We all know having a cell phone has essentially become a necessity of our time. However, some of us fail to differentiate between practical use of a cell phone, and continuous compulsive cell phone usage.

I get it. Today’s technology has gifted us with the opportunity to view anything but the current planetary alignment, like photos taken from last night’s party; all of which are right there at the swipe of a finger. But, those who are seduced by the vortex of cellphones often miss out on the vibrant world that has so much to offer.

Many miss out on real life social interactions or relationships because they were too fascinated by the launching of angry birds.

Everywhere you turn, people are missing out on first hand experiences, in exchange for electronic simulations. For example, most people pay a decent amount of money to attend sporting events and wind up spending the duration of the event engaged in the use of their cell phone by taking pictures, tweeting and texting.

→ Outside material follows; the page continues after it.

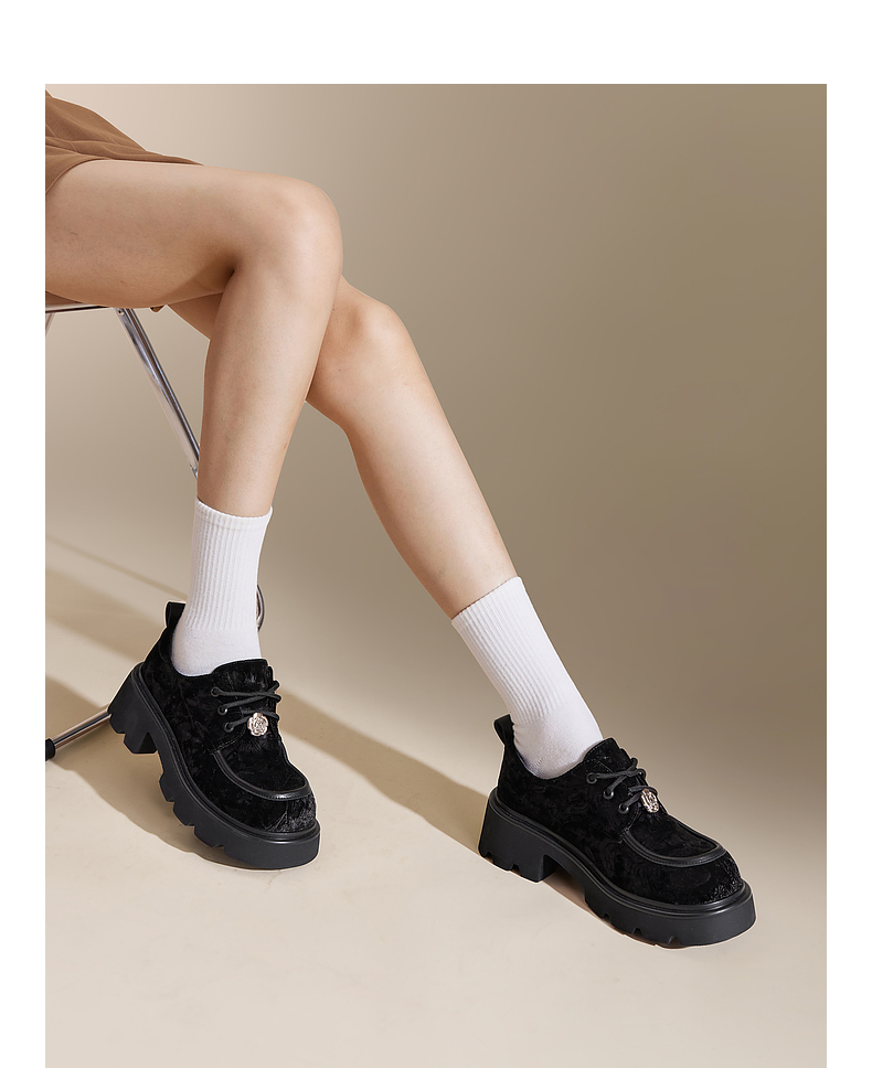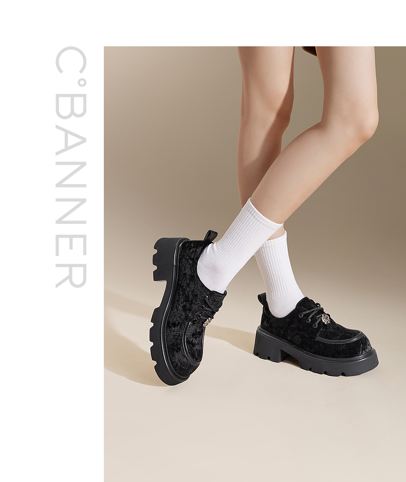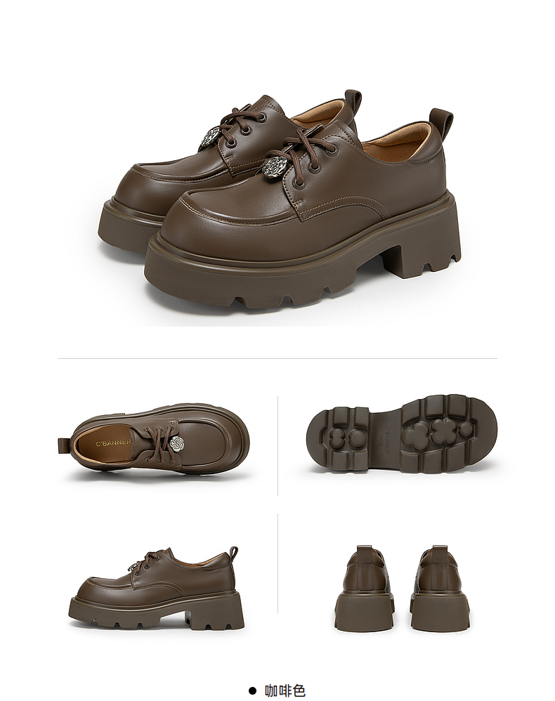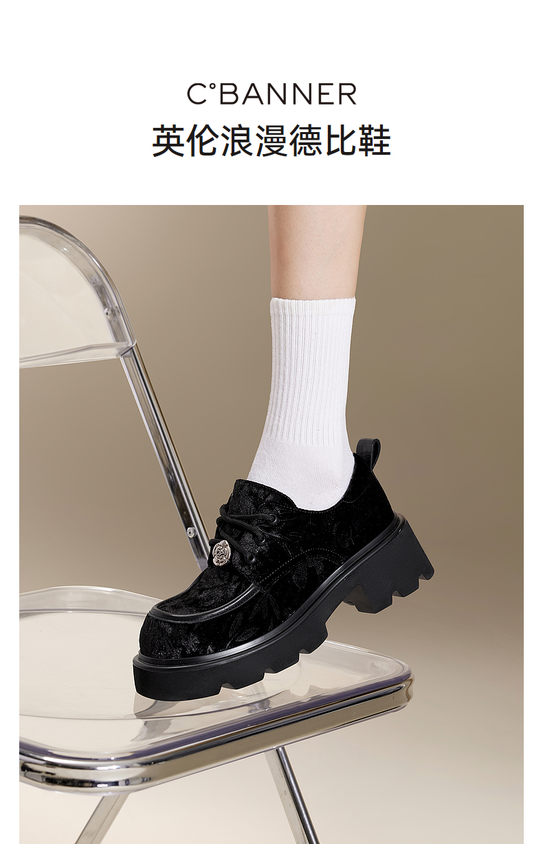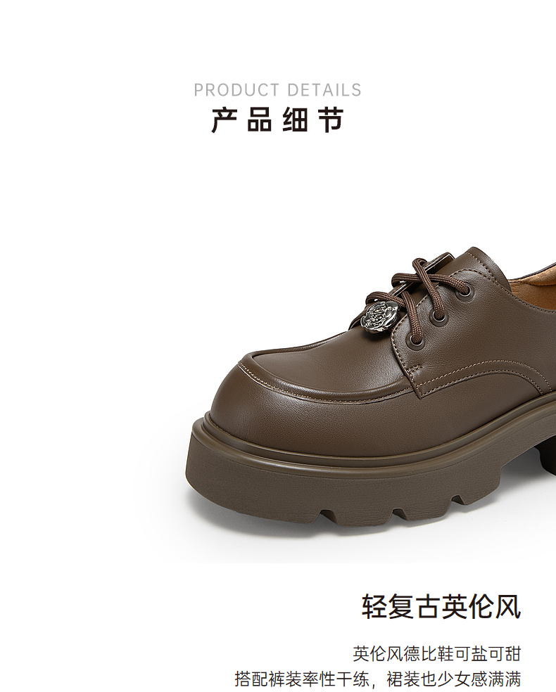 千百度新中式厚底牛津鞋女春季增高深口乐福鞋复古小皮鞋百搭A24455302
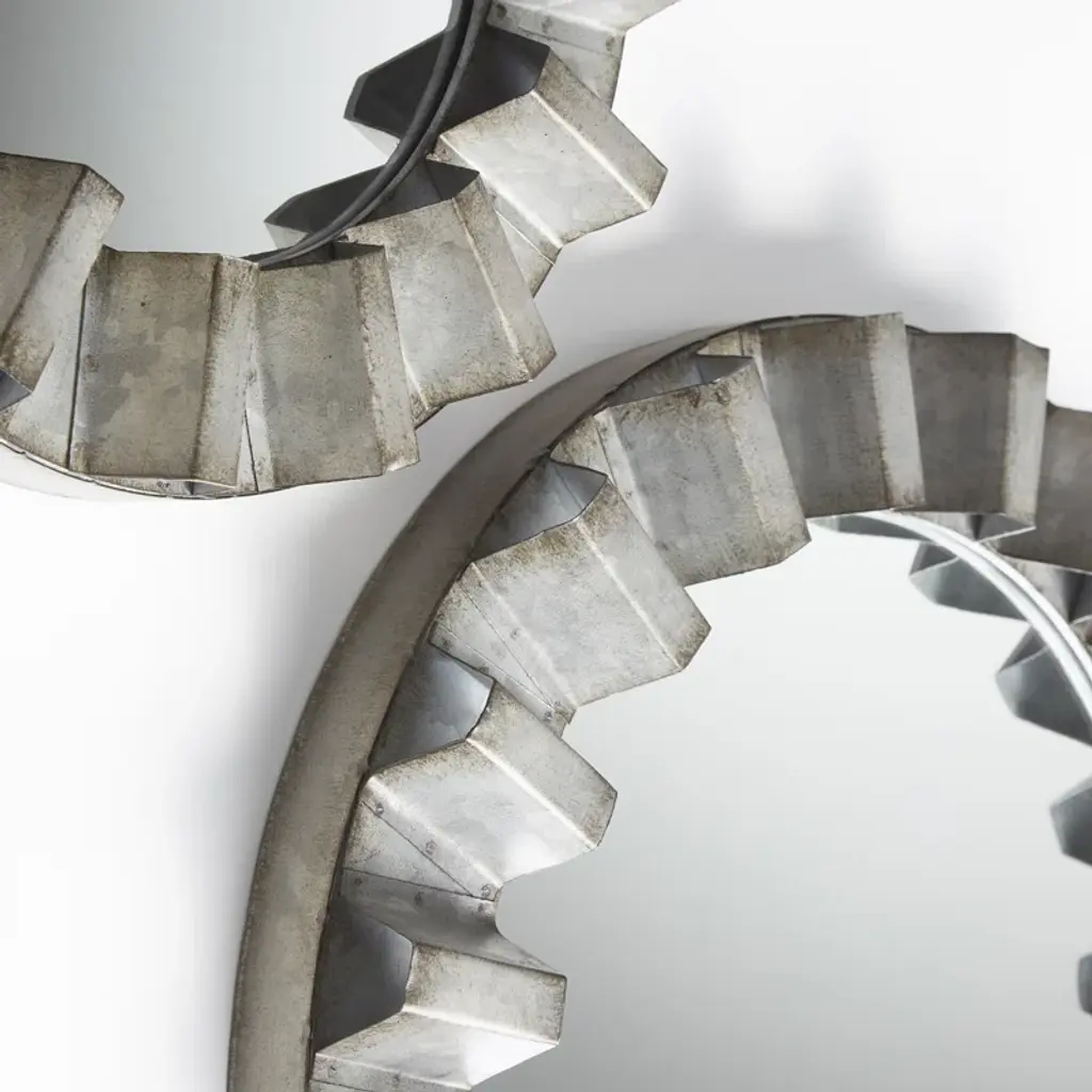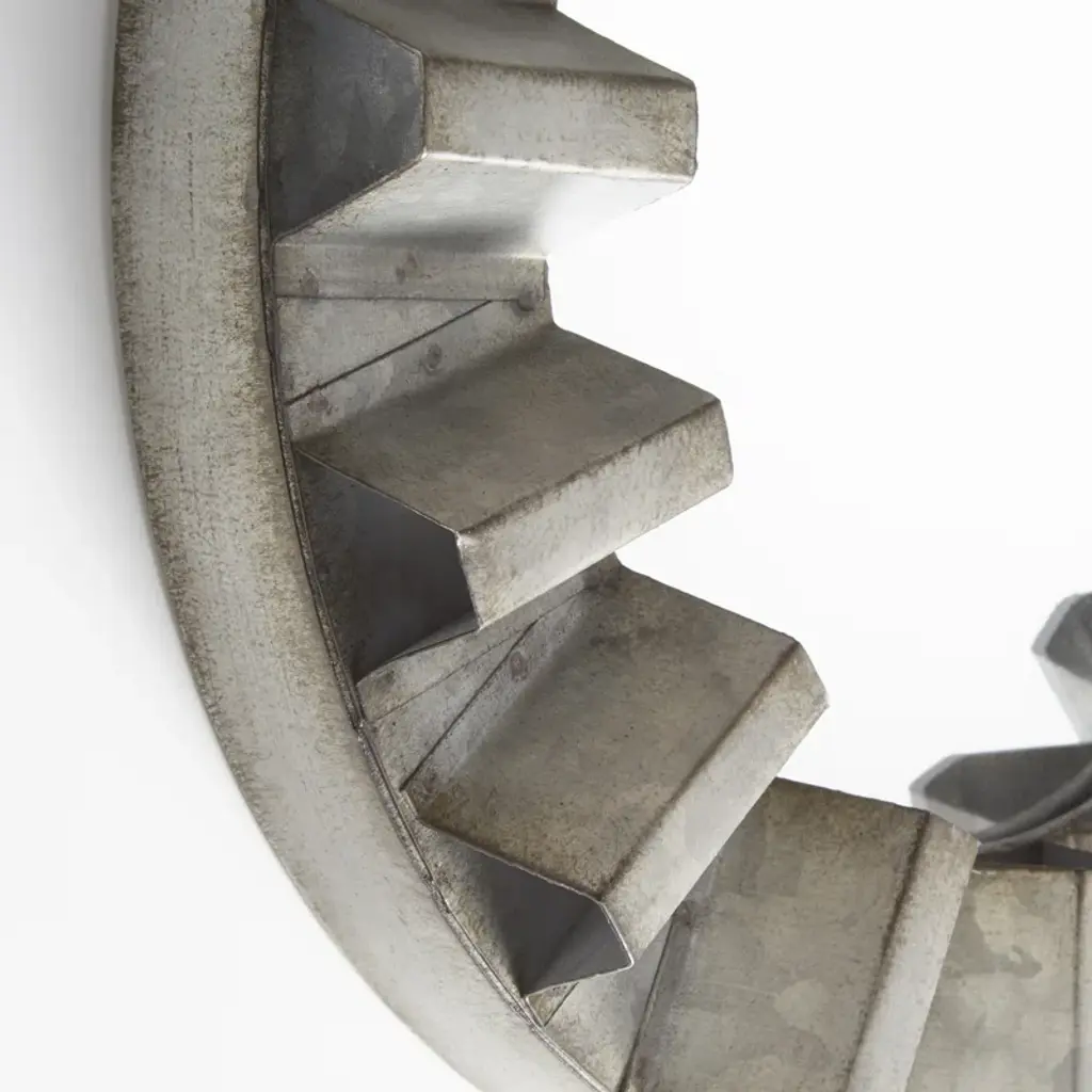 The Argos mirrors feature a rustic, farmhouse-inspired look. Boasting a distressed, galvanized finish on a riveted design, this wall hanging decor is of modest size but with added depth, making it perfect for installing multiples in any hallway, or living room space, with a modern or industrial appeal. Create an artful installation with multiples on a vast-stretching wall space, or hang a single piece over a small accent table for an added touch of bucolic charm.

The same goes for class. Take a look around your classroom during a lecture and I can guarantee you won’t have trouble finding someone who has given up there in-class experience in order to sustain interactions with their phone.

I fail to see the point of enrolling in a lecture-based class, if you devote its entirety to using your cell phone.

Today’s increasing abnormal obsession with cell phones has even proved itself deviant enough to infringe upon social norms.

There is nothing like making plans to get together with a friend, and then have them looking at their cell phone the entire time. I’m sorry, I thought you wanted to hang out and hold a conversation with me, not your phone. My mistake.

When did blatantly ignoring someone and failing to engage in a meaningful conversation become socially acceptable? Perhaps those falling guilty of these rude and disrespectful tendencies should reconsider and examine our culture’s social norms.

Denis Mahoney,a junior psychology major, and Jake Milette, a sophomore music major, cross the street together while having their full attention, not on their surroundings, but on their cell phones. Emily Wiegand photo.
Denis Mahoney,a junior psychology major, and Jake Milette, a sophomore music major, cross the street together while having their full attention, not on their surroundings, but on their cell phones. Emily Wiegand photo.

What about walking and texting? You laugh, but the sad thing is that people are imposing dangers upon themselves and others. There have been numerous incidents where pedestrians are hit by cars, and authorities speculate whether or not it was caused by carelessly walking into traffic, while looking down at their phone.

I think it’s safe to assume I can skip the lecture about the dangers of texting and driving, right?

If you’re someone who finds themselves engaging in these activities, perhaps it’s time you ask yourself how much of your life you’re allowing your cell phone to allocate.

The possession and usage of a cell phone is vitally essential. However, as educated human beings we are capable of reserving our interactions with the world, the precious time of those we interact with, as well as the safety and well being of ourselves and others, with the exclusion of cell phone use.